No Bad Deed Should Go Unpunished.
Lucy Kendall lived her life in a strange mixture of carefully calculated moves and impulse decisions. Cracking the skull of the man who molested her sister and attacking her was impulse. Spending half her teenage years drinking and acting out were calculated cries for attention from her narcissistic mother followed by impulsive rages at her lack of concern.
The decade spent working in Child Protective Services before becoming a private investigator taught her two truths. One, CPS failed miserably in protecting children. Two, Lucy was more than willing to do it for them, meting out her brand of dark justice in spite of her own fear of death. But Lucy’s crusade is compromised when a self-proclaimed sociopath offers to help—and leaves her no choice but to accept it.

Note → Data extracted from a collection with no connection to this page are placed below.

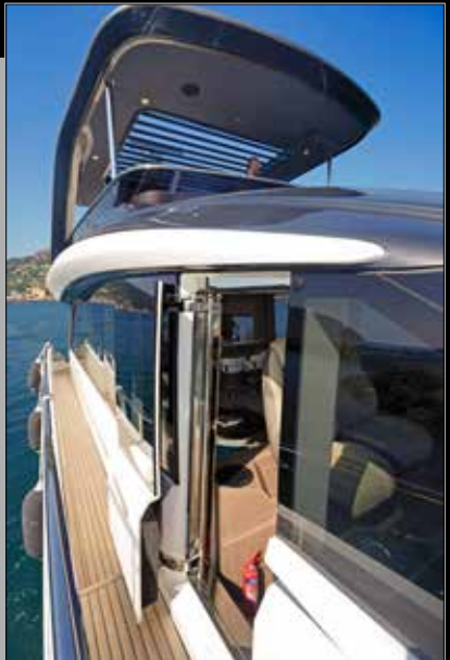
La porte latérale côté pilote est d'une robustesse à toute épreuve. Princess est intransigeant sur la sécurité.

► salle des machines se situe dans le prolongement et dispose d'un isolement phonique parfait, digne d'une berline Mercedes. Pas un bruit, pas une vibration ressentie dans les espaces de vie. Perfection technique, mais aussi des aménagements. Dans ce domaine, le constructeur anglais s'est fait aider du cabinet de design italien Pininfarina. La timonerie se distingue par ses vitrages latéraux panoramiques sur toute la longueur et une surface parquet satiné et moquette épaisse de plain-pied du cockpit jusqu'au poste de pilotage. L'agencement est d'une notable ►
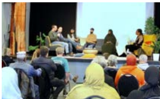
Järva Röstar 2022, Foto: Lima Habib

En verksamhet som tar plats varje tisdag kväll i huset är Socialt Center, där flera olika medlemsföreningar och initiativ gått samman och hyr in sig för juridiskt, socialt och arbetsrättsligt stöd. Här organiserar sig även boende som är missnöjda med sin hyresvärd. Under året har även utdelning av matkassar startat vilket är mycket efterfrågat och uppskattat.
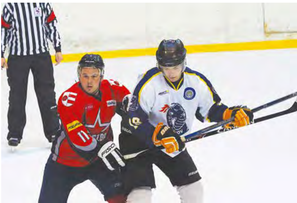
Muži MŠK Púchov nezaváhali ani na Orave a v Dolnom Kubíne po streleckom koncerte v záverečnej desaťminútovke hladko vyhrali. V čele tabuľky zvýšili náskok na tri body.
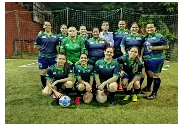
Participación en Torneo Femenino INTER EMPRESARIAL organizado por la Liga Empresarial Femenina y disputado en Pilsen Arena de Fanáticos del Fútbol.
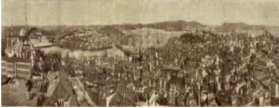
Şekil 1: 19.yüzyılda Hanlar Bölgesi'nin genel görünümü

19. Yüzyıl'da batılılaşma süreciyle birlikte ticaret işleyişte de değişiklikler meydana gelmiştir. 1945 yılında inşa edilen Galata köprüsü ile Eminönü-Galata arası ticari faaliyetler artmıştır (Şekil 1). Sanayileşmenin etkisiyle Sirkeci ve Galata'da yeni rıhtımlar, büyük boyutlu kağıt yapılar, depolar şehrin dokusunu epey değiştirmiştir. Han yapıları özellikle 17. ve 18. yüzyıl aralığında gelişiminin zirvesine ulaşmışlardır ancak XIX. yüzyıl başlarında duraklama dönemine girmiştir. Aynı yüzyılın sonu, 20. yüzyıl başında ise tamamen han dönemi kapanmıştır (Kuban, 2020), (Şekil 1).
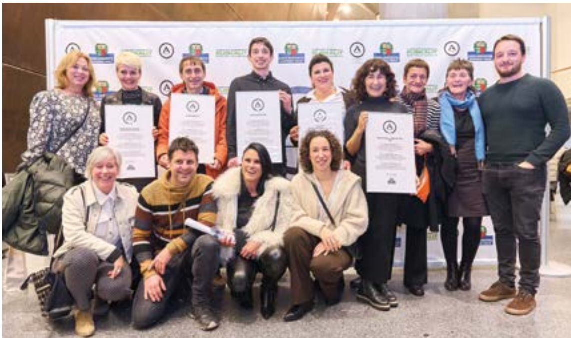
...eta kitto!-rekin batera beste lau hedabide/erakunde eskuratu dute diploma: Udako Euskal Unibertsitatea (UEU), Irutxulo Hitza, Aiurri eta Aiaraldea.

>>> "Guztira hiru lurraldeetako 31 hedabidek parte hartu dute; tokiko hedabide gehienak gipuzkoarrak izan dira"
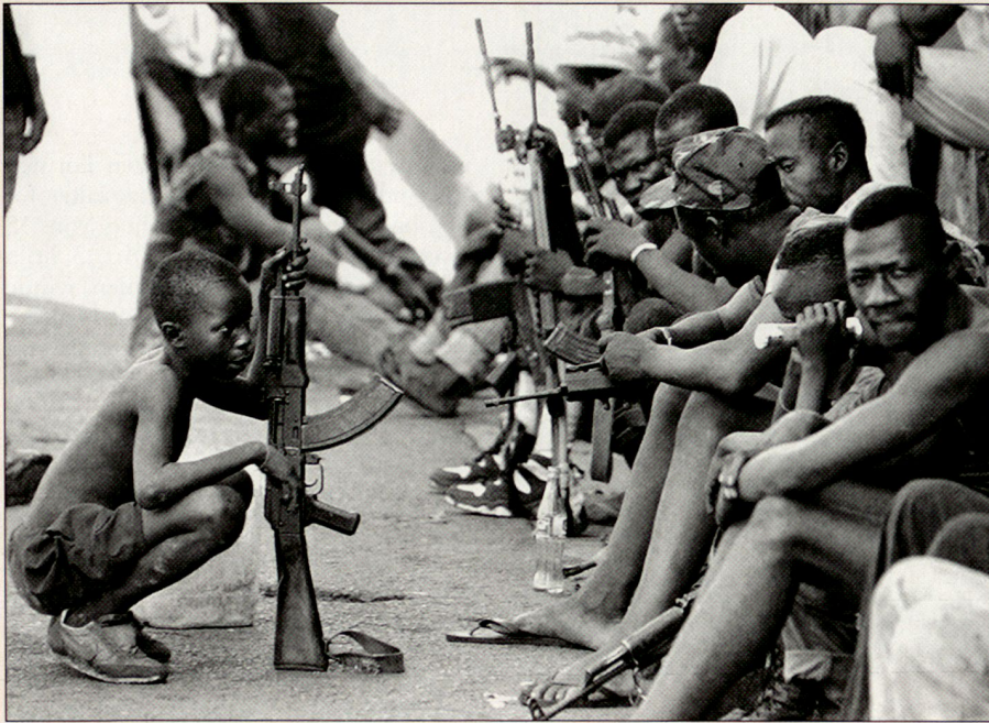
Kindersoldat aus Sierra Leone 2000.

When eight-year old Kailey Richardson is abducted, it sets off a chain of events linked to Justin Beckett, a suspect in a life-changing case in Lucy’s past. The path she’s chosen since dealing with Beckett has been dark and terrifying—but she has no idea just how deep she will go or where the twisted road will take her.
She’s about to find out.
If you liked Dexter, you’ll love Lucy! The first book in my new thriller series will be available at all vendors on September 15th, but Kindle readers can PRE-ORDER NOW! This means the book will automatically load onto your device at 12:01 a.m. September 15th. How’s that for the early bird getting the worm?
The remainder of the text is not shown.